Han Cong, Mesgarani Nima
Department of Electrical Engineering, Columbia University, New York, NY.
Proc IEEE Int Conf Acoust Speech Signal Process. 2023 Jun;2023. doi: 10.1109/icassp49357.2023.10095695. Epub 2023 May 5.
Binaural speech separation in real-world scenarios often involves moving speakers. Most current speech separation methods use utterance-level permutation invariant training (u-PIT) for training. In inference time, however, the order of outputs can be inconsistent over time particularly in long-form speech separation. This situation which is referred to as the speaker swap problem is even more problematic when speakers constantly move in space and therefore poses a challenge for consistent placement of speakers in output channels. Here, we describe a real-time binaural speech separation model based on a Wavesplit network to mitigate the speaker swap problem for moving speaker separation. Our model computes a speaker embedding for each speaker at each time frame from the mixed audio, aggregates embeddings using online clustering, and uses cluster centroids as speaker profiles to track each speaker throughout the long duration. Experimental results on reverberant, long-form moving multitalker speech separation show that the proposed method is less prone to speaker swap and achieves comparable performance with u-PIT based models with ground truth tracking in both separation accuracy and preserving the interaural cues.

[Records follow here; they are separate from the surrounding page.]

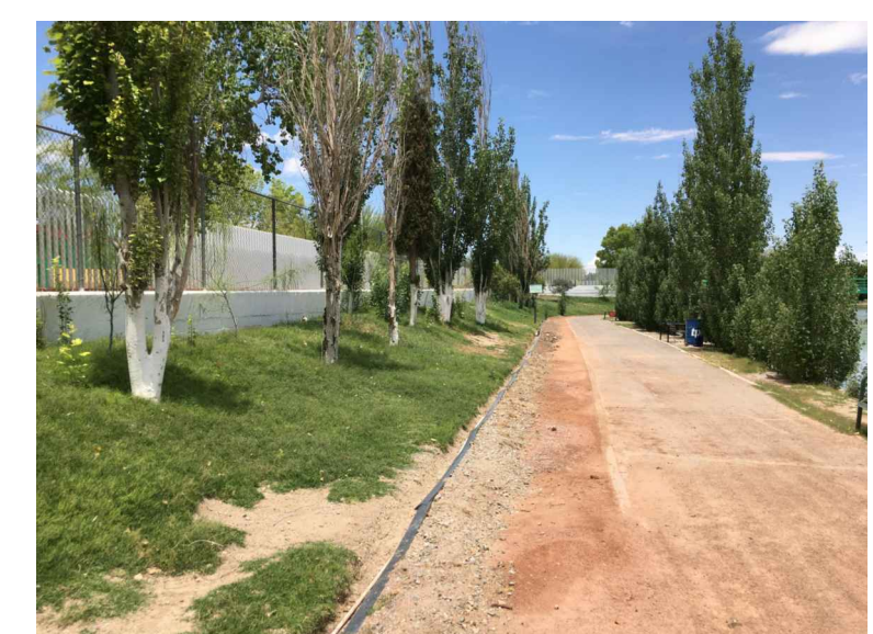
FP.-FRONTERA CORTE MEDIA CAÑA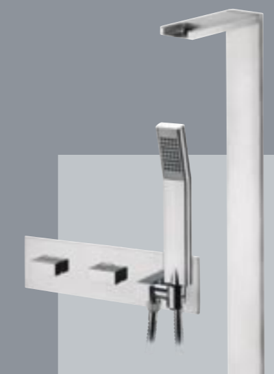
42290 Gruppo per vasca con bocca a cascata da pavimento cartuccia progressiva, deviatore, presa d'acqua con doccia e supporto a parete Floor mounted bath filler with wall mtg. Progressive cartridge, diverter, water supply flange and stand for shower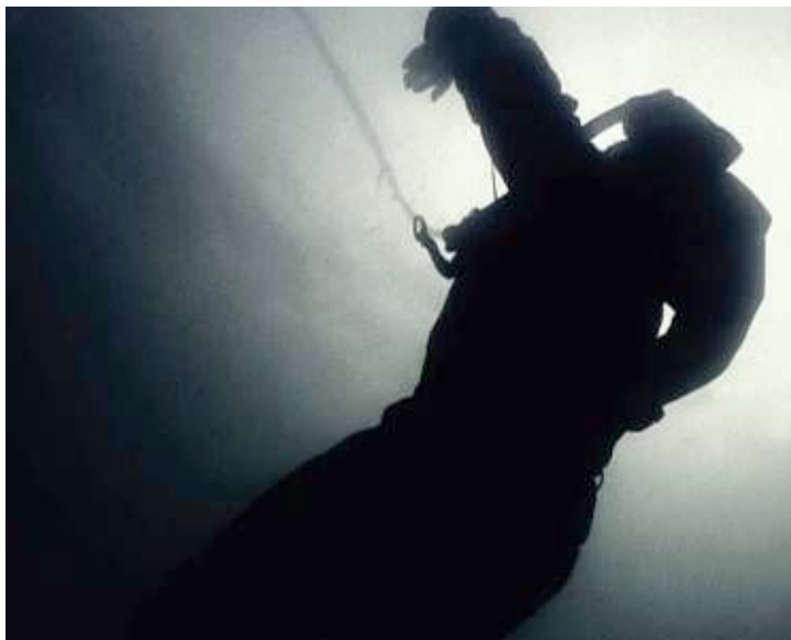
Mel O'Callaghan, "The Fall", 2004, vidéo (DVD), 4'15"

VIDEOFORMES Festival, Clermont-Ferrand (FR)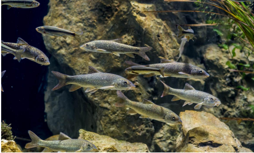
Slika 8. Ribe u Aquatici – Slatkovodnom akvariju Karlovac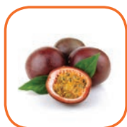
FRUIT DE LA PASSION Avion Vietnam 3 kg / Bqt 2 x 1 kg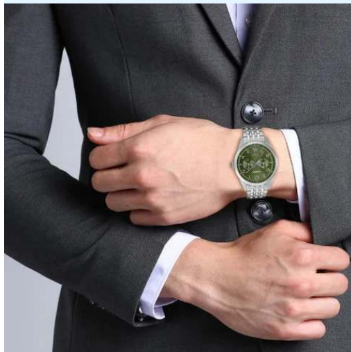
Casio WR50m Reloj para Hombre MTP-E340D-3AVDF CRC 69,900.00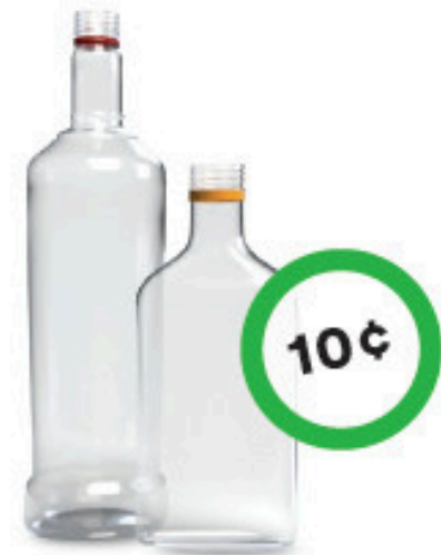
Bouteilles de spiritueux en plastique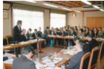
2月定例会。教育厚生委員会で中高一貫校の是非について発言する。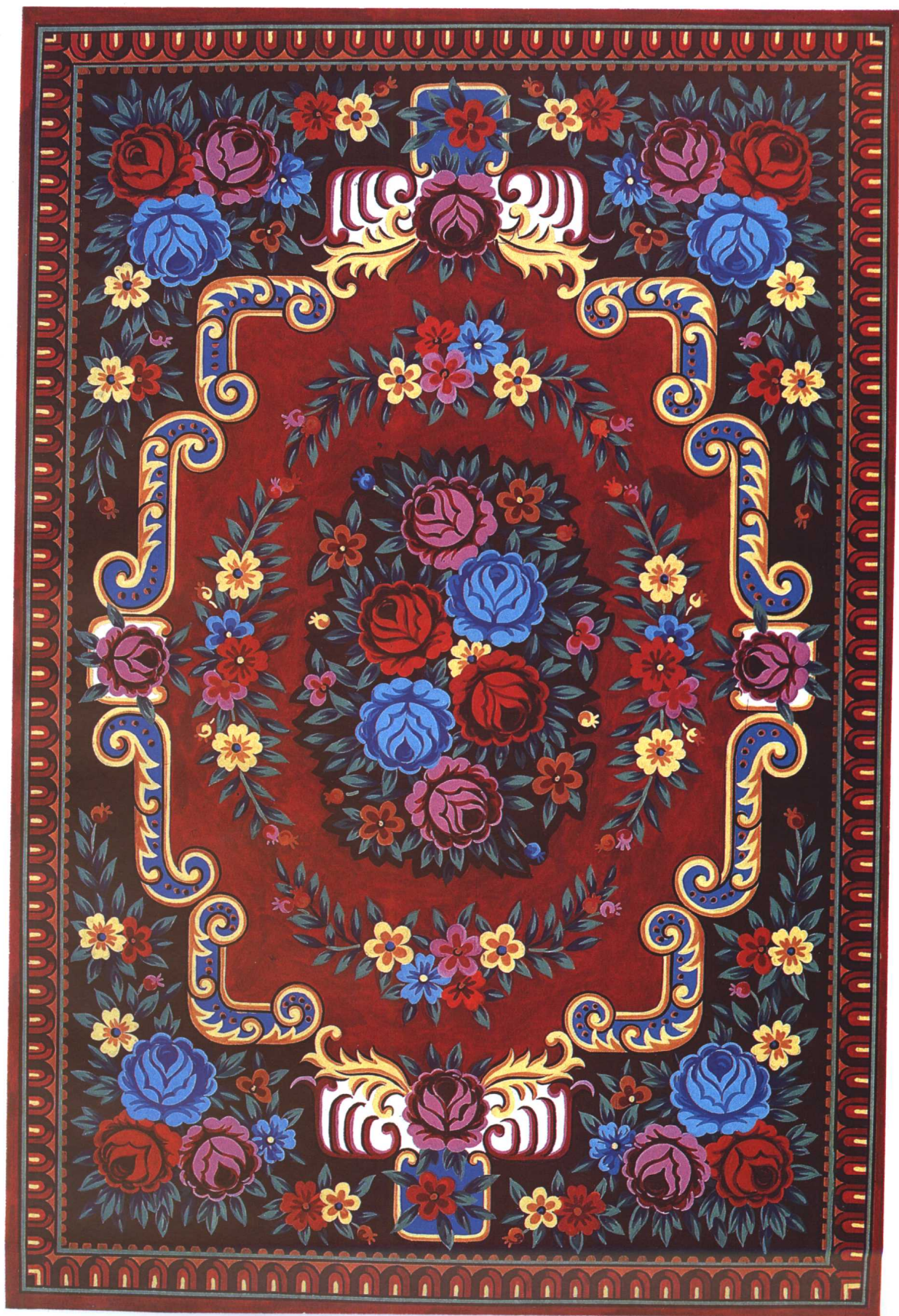
栽绒美术地毯(艾地亚勒) 莎车县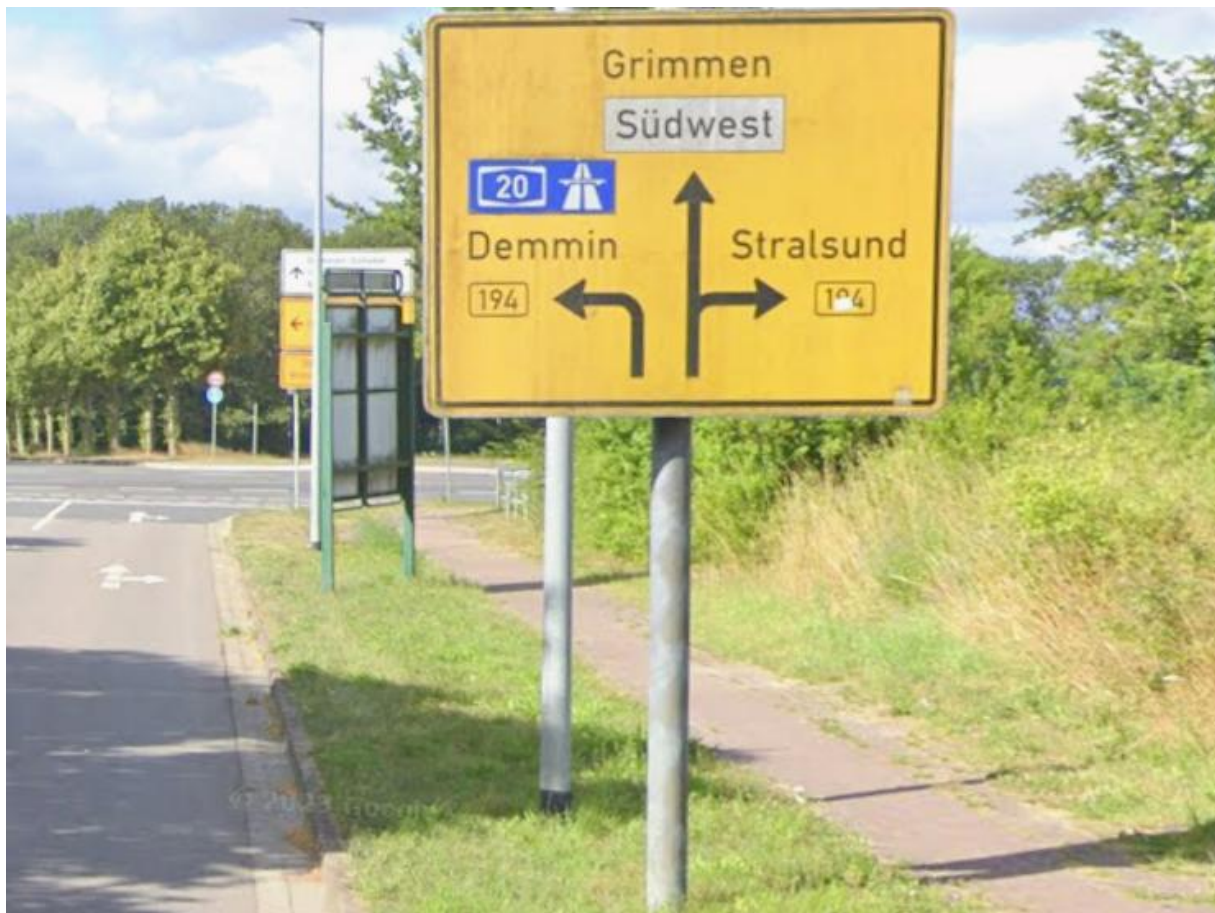
Zum Rauhen Berg Richtung Kreuzung B 194 / Südliche Randstraße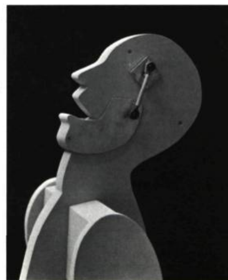
15. Jonathan BOROFSKY Chattering Man (détail)

在现实场景中的双耳语音分离通常涉及移动的说话者。当前大多数语音分离方法在训练时使用 utterance-level 排列不变训练(u-PIT)。然而,在推理阶段,输出顺序可能会随时间不一致,特别是在长语音分离中。这种被称为说话者交换问题的情况,当说话者在空间中不断移动时会更成问题,因此对在输出通道中一致地放置说话者构成了挑战。在此,我们描述了一种基于 Wavesplit 网络的实时双耳语音分离模型,以减轻用于移动说话者分离的说话者交换问题。我们的模型从混合音频中为每个说话者在每个时间帧计算一个说话者嵌入,使用在线聚类聚合嵌入,并使用聚类中心作为说话者轮廓来在长时间内跟踪每个说话者。在有混响的长时移动多说话者语音分离上的实验结果表明,所提出的方法不太容易出现说话者交换,并且在分离精度和保留双耳线索方面与基于 u-PIT 且有真实值跟踪的模型具有可比的性能。